The Phantom Streetcars

The Phantom Streetcars

Oregon Historical Society, OrHi 101742

Here is what collectors call a RPPC–a “real photo postcard”–depicting a street scene in Stanford, Montana, postmarked June 9, 1913. It looks a little funny, doesn’t it? The streetcar seems to be kind of disproportionally large, and the trolley pole appears to be drawn in with heavy ink.

Yes, the postcard is a real photograph of the main street of Stanford, and that is a real photograph of a streetcar–but the streetcar photo has been carefully cut and pasted onto the street scene. The penciled scrawl says, “Not yet but soon.”This is a booster postcard, promoting the future metropolis of Stanford, so up-to-the-minute that it has streetcars. In 1910 the growing Stanford district had a population of 1,176; but prosperity did not continue, and the town’s population today is less than 800. It never had a streetcar.

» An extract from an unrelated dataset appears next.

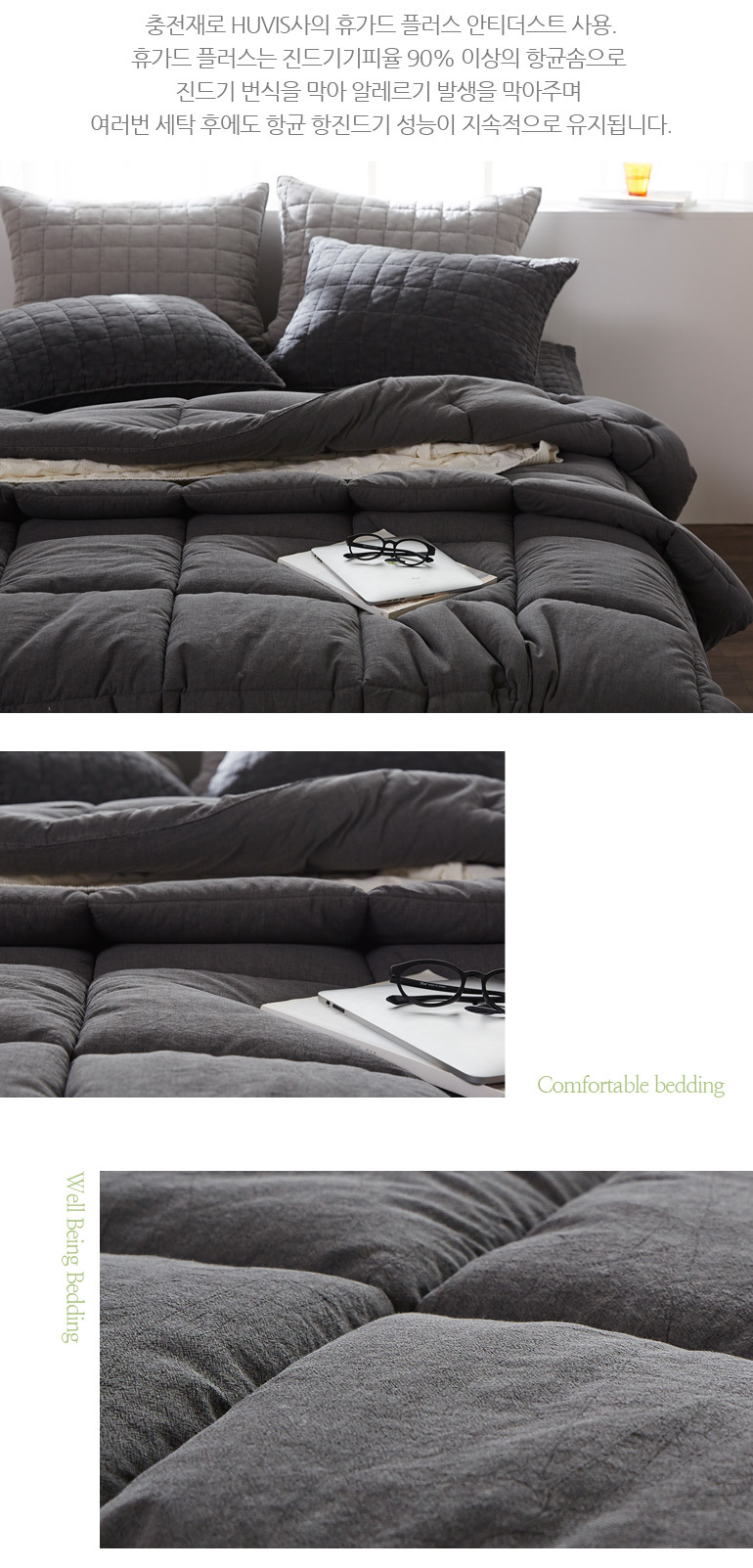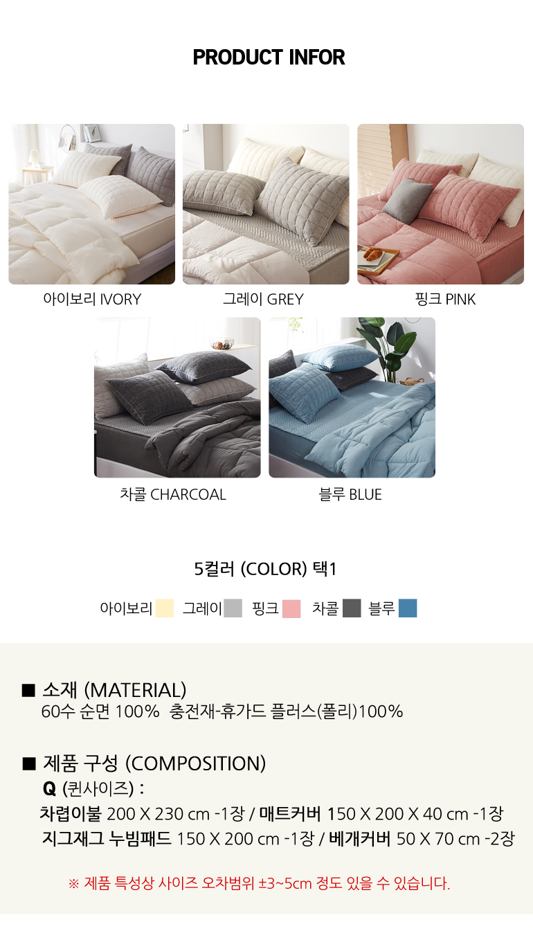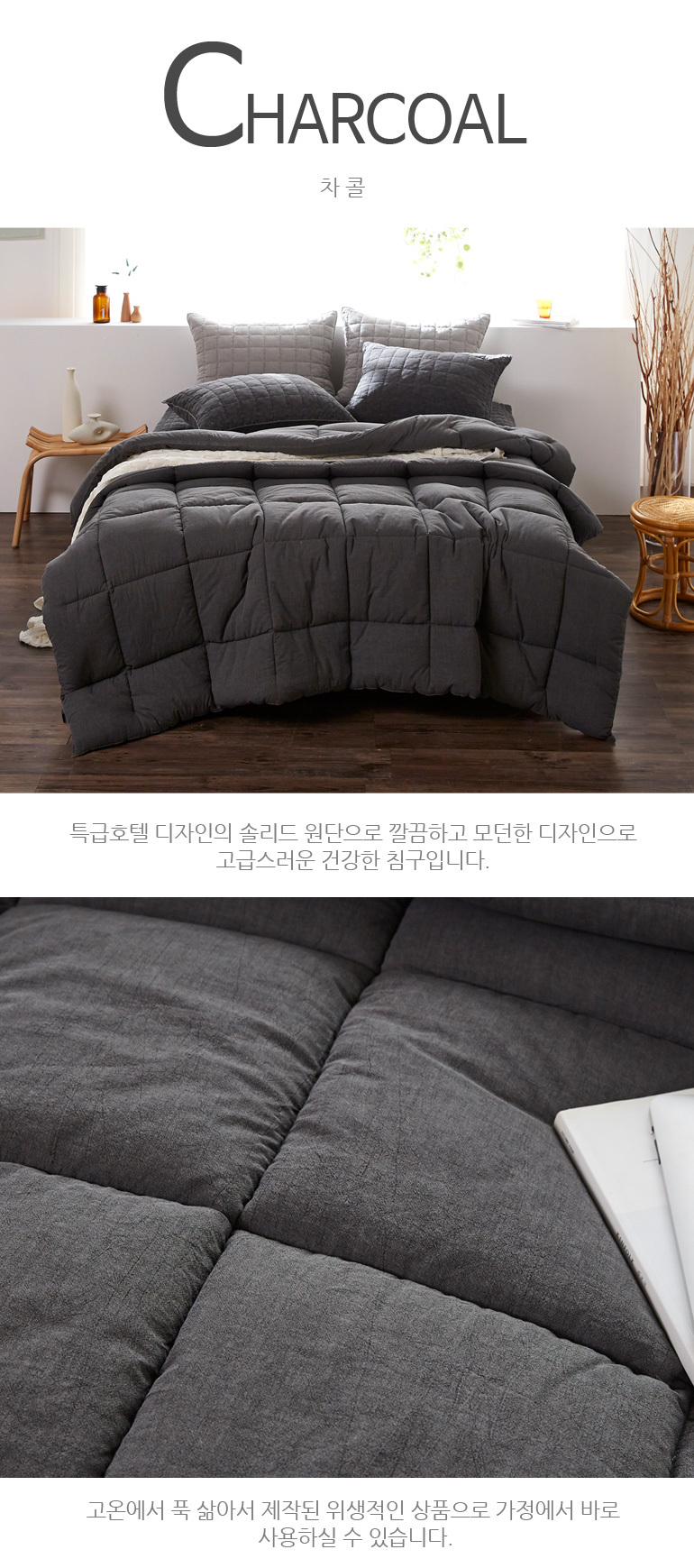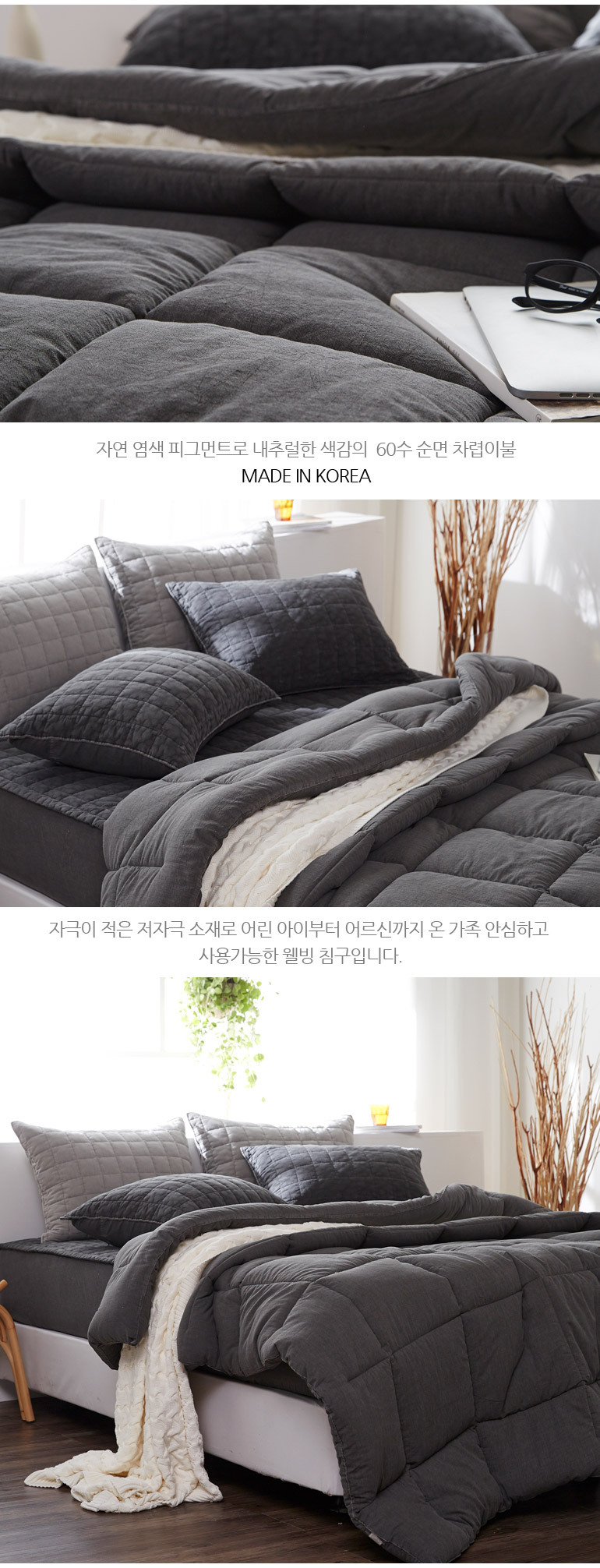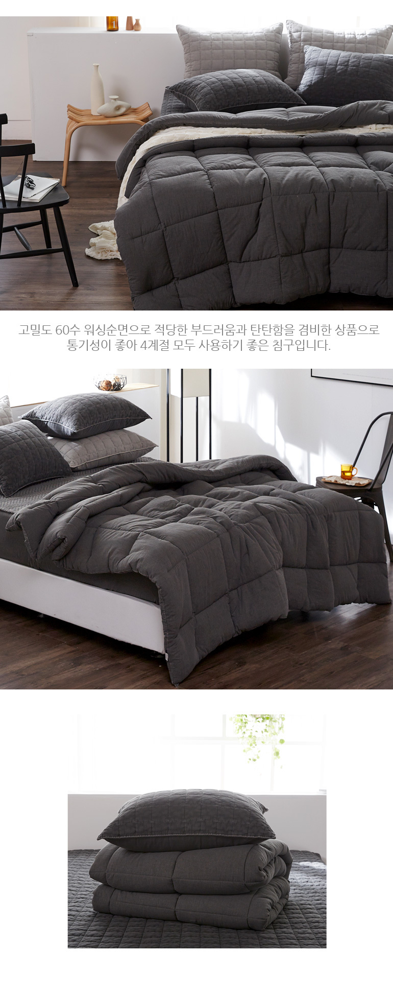 PMZ 60수순면 피그먼트 바이오워싱 차렵풀세트Q 차콜

I recently ran across another RPPC with a faux streetcar on eBay. This image is of Jordan Valley, Oregon; “all cars stop” = all streetcars stop. This card is most likely a novelty item, for the remote sheep ranching trade town of Jordan Valley never had a reason to aspire to the status of Stanford, which is a county seat town on a mainline railroad line in a prosperous farming area. In the 1920 census, Jordan Valley had a population of 355, and like Stanford it has seen a decline since then, to about 230 people today.

There was a brief period from about 1905 to 1920 when streetcars represented the acme of metropolitanism, and postcards were the modern way to send a quick note–they were the Tweets of their day. If your town lacked a streetcar, you could still hope one might arrive, or you could admit to living in a small place and make a joke of it. In any case, it pays to advertise.